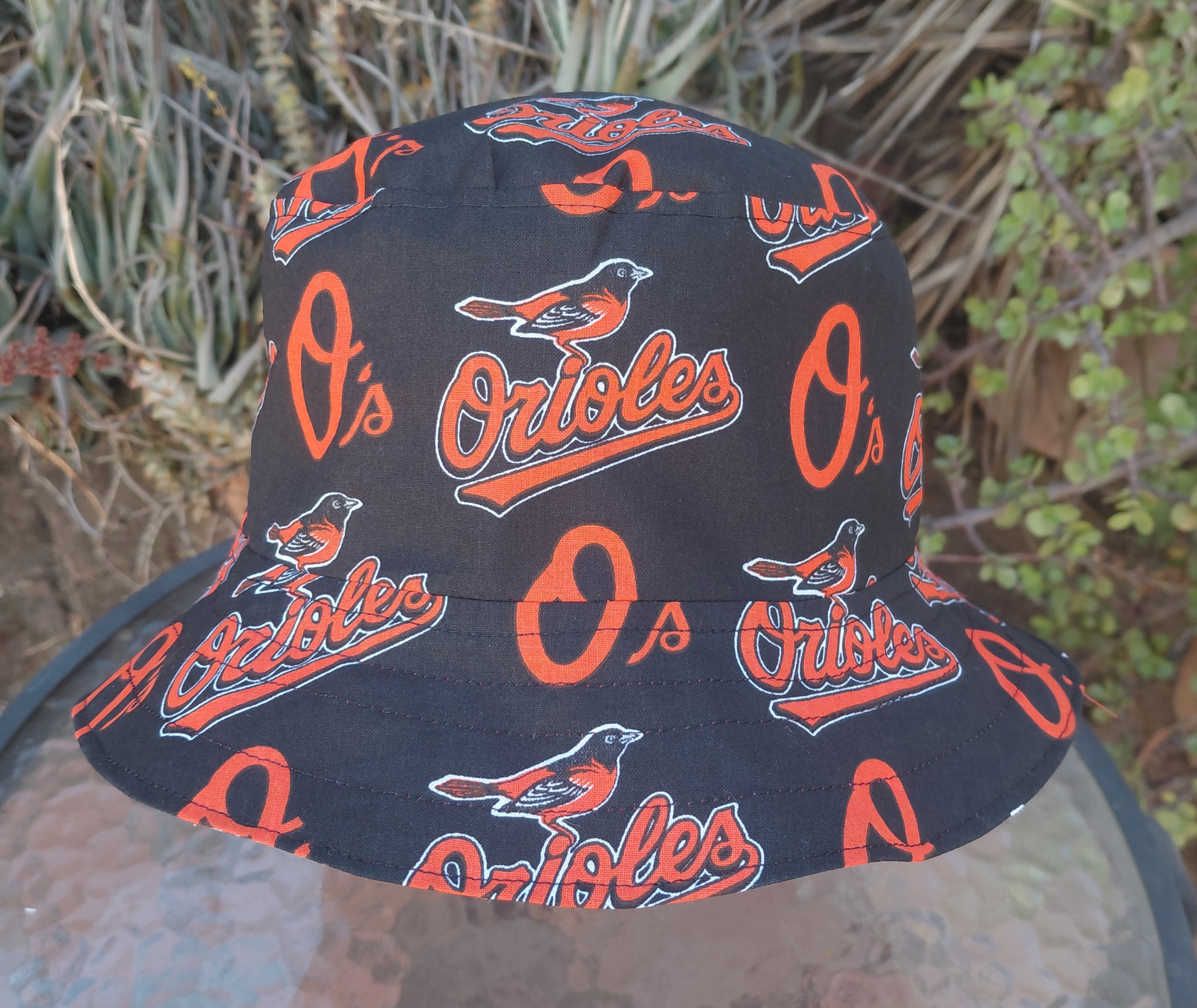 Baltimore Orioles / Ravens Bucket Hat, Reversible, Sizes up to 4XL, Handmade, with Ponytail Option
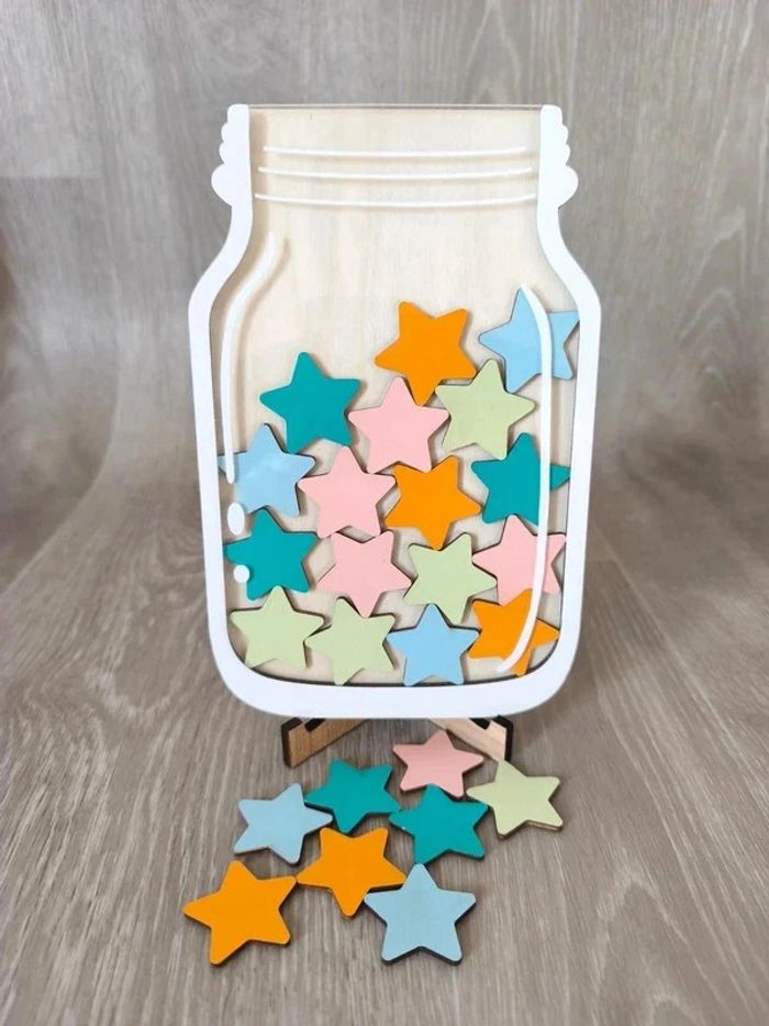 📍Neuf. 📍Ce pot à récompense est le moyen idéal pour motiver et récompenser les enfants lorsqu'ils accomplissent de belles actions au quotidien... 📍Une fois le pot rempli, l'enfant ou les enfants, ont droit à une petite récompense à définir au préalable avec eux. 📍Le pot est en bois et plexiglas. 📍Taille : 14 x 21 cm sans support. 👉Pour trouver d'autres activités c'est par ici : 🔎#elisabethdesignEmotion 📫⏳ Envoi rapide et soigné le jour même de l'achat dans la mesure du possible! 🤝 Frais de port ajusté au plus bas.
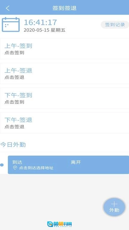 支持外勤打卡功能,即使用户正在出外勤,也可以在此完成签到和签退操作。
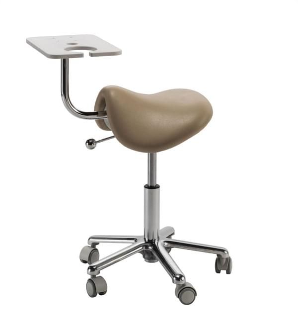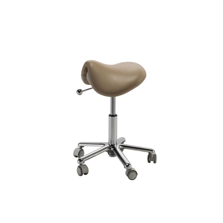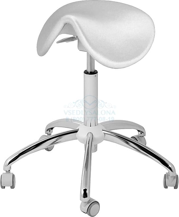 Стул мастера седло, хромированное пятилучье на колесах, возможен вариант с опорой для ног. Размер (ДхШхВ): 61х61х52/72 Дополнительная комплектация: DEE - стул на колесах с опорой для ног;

+---+

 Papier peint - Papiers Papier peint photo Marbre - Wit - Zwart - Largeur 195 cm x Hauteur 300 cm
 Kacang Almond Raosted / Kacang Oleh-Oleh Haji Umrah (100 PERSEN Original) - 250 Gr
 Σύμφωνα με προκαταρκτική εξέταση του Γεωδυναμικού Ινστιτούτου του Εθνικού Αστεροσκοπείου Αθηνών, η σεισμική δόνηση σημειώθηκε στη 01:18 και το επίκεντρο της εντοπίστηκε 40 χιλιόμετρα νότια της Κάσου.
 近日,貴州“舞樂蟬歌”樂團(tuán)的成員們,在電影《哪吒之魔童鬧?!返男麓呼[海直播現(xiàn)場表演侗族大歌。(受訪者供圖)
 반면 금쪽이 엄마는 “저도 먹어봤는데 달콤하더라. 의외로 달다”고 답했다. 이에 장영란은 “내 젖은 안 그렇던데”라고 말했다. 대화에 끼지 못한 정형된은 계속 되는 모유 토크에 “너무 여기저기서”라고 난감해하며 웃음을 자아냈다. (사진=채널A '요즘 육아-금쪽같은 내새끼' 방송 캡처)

+---+

» **The problem**
Look above for the line with "Baltimore Orioles /" and the line with "Стул мастера седло, хромированное", then copy exactly the lines from the first through the second, both kept, with no pictures.

» **Response to the task**
 Baltimore Orioles / Ravens Bucket Hat, Reversible, Sizes up to 4XL, Handmade, with Ponytail Option
 📍Neuf. 📍Ce pot à récompense est le moyen idéal pour motiver et récompenser les enfants lorsqu'ils accomplissent de belles actions au quotidien... 📍Une fois le pot rempli, l'enfant ou les enfants, ont droit à une petite récompense à définir au préalable avec eux. 📍Le pot est en bois et plexiglas. 📍Taille : 14 x 21 cm sans support. 👉Pour trouver d'autres activités c'est par ici : 🔎#elisabethdesignEmotion 📫⏳ Envoi rapide et soigné le jour même de l'achat dans la mesure du possible! 🤝 Frais de port ajusté au plus bas.
 支持外勤打卡功能,即使用户正在出外勤,也可以在此完成签到和签退操作。
 Стул мастера седло, хромированное пятилучье на колесах, возможен вариант с опорой для ног. Размер (ДхШхВ): 61х61х52/72 Дополнительная комплектация: DEE - стул на колесах с опорой для ног;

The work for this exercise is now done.